A beautiful failure…

a beautiful failure by Duane Toops

I know that its not the artists job to interpret the work, or to answer the questions left hanging in the air by the presentation of the work. But, somehow I feel like some kind of addendum is in order for this piece. I started writing this unsure of what to say about it, and I as write I’m still not sure. I hope that by typing something closely akin to a stream of consciousness on this blank screen maybe something will occur to me….it hasn’t yet.

Maybe its not so much that I don’t know what to say in regards to this piece, so much as there’s so much to say, and I just don’t know how to say it or where to start.

The first thing I thought about after I made the poem was a song written by Jon Foreman from a band called Switchfoot:

It was a beautiful letdown
When I crashed and burned
When I found myself alone, unknown and hurt 

The deep seated letdown of finding oneself lonely, anonymous, and brutally damaged is a feeling I’m all too familiar with, even more so now that my life has seemingly plummeted into the ground in an explosive blaze.
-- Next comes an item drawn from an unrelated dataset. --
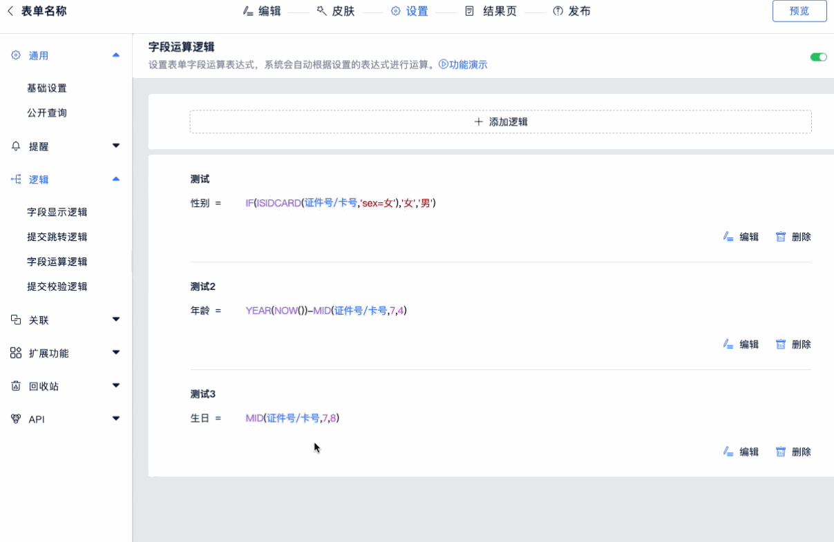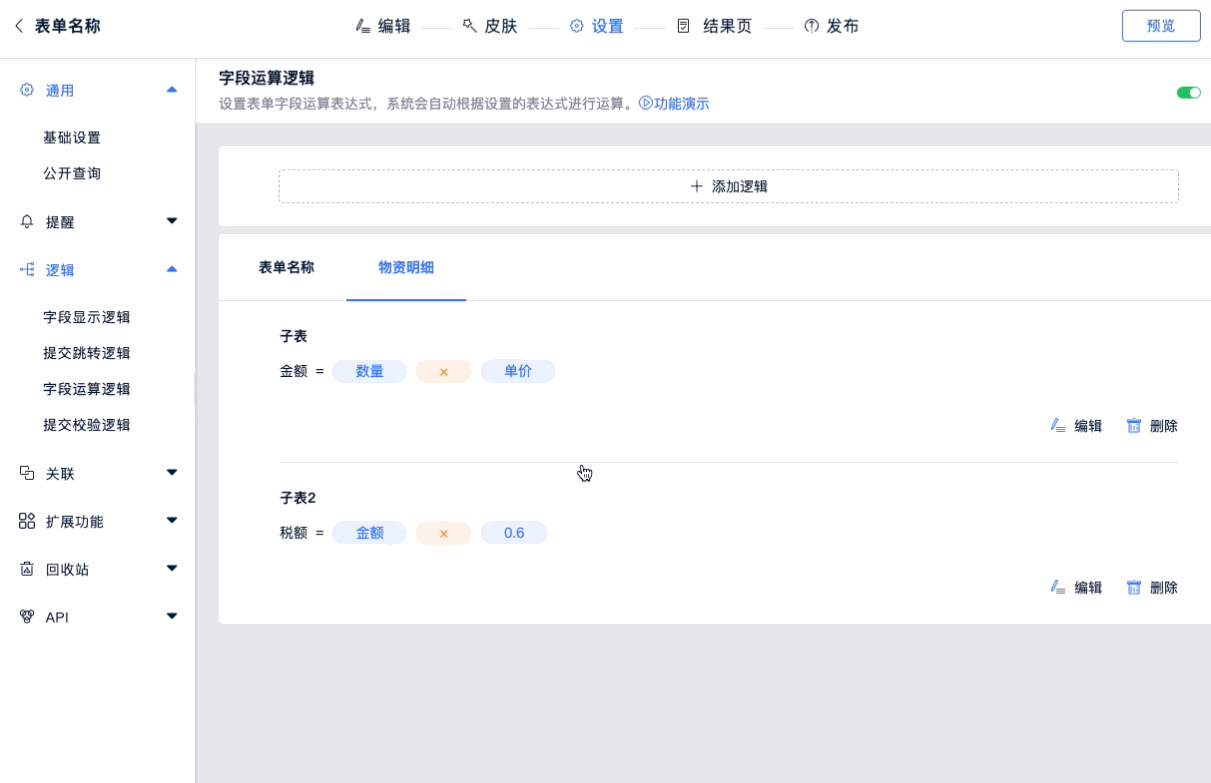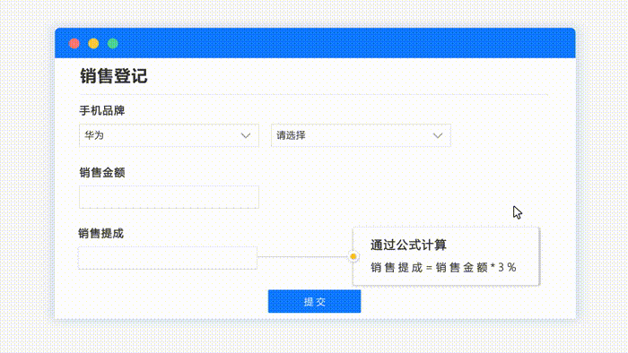 就像Excel中的公式一样,表单大师的字段运算逻辑功能也支持公式和函数。设置表单中字段与字段间的运算公式,系统会自动根据设置的公式进行运算,一个字段的值可以由其它字段计算得出。目前支持普通模式和函数模式。

This, too, reminds of a few lines in a poem by Philippe Jaccottet that I cam across recently:

Love, like fire, can only reveal its brightness

on the failure and the beauty of burnt wood.

And yet, another poem still. This one by Antonio Machado:

Last night I dreamed—blessed illusion—

that I had a beehive here

in my heart

and that

the golden bees were making

white combs and sweet honey

from my old failures.

I relish the thought of something beautiful being wonderfully made from the burning debris of our letdowns and failures; as if the fires of our fatal wounds were a forge in which the hurt can be hammered into something meaningful, where we can somehow, someway, be wrought back to life. But, I struggle to see it.  The crash is so visceral; the burning so incendiary, the shrapnel so serrated, that I grapple to find the beauty in it.

Maybe that’s why I continue to turn to the practice of making art. If I cannot find the beauty in the pyre, perhaps I can make it myself.

Perhaps, in the flaming face of my failures, there is a place where even my smallness can reach deeply into where destiny still swings…

6 Comments

  1. Jared

    Last night on YouTube I watched your podcast conversation with Eric G. Wilson. I read his book Against Happiness when it came out. Loved it. I looked through it yesterday, so I googled him on YouTube. That’s how I discovered one of the best literary conversations I’ve ever encountered on that website. I would have posed a comment to that effect, but I can’t figure out how to do so without my Google account name showing up. Nope, not gonna happen. I don’t know it is that people manage to post comments on it under what are obviously made-up names. Anyway, just wanted to thank you for that interview.

    • Wow! Thank you so much for your kind words! That really means a great deal to me. It was a surreal moment for me to get the opportunity to have that conversation with Eric Wilson, and it was definitely my favorite interview I’ve ever done. I got so much out of it and I really didn’t want it to end. So, I’m incredibly grateful that you got something out of it as well. It will probably continue to be one of the highlights of my life. Thanks again, I really appreciate you taking the time to watch and especially for taking the time to comment!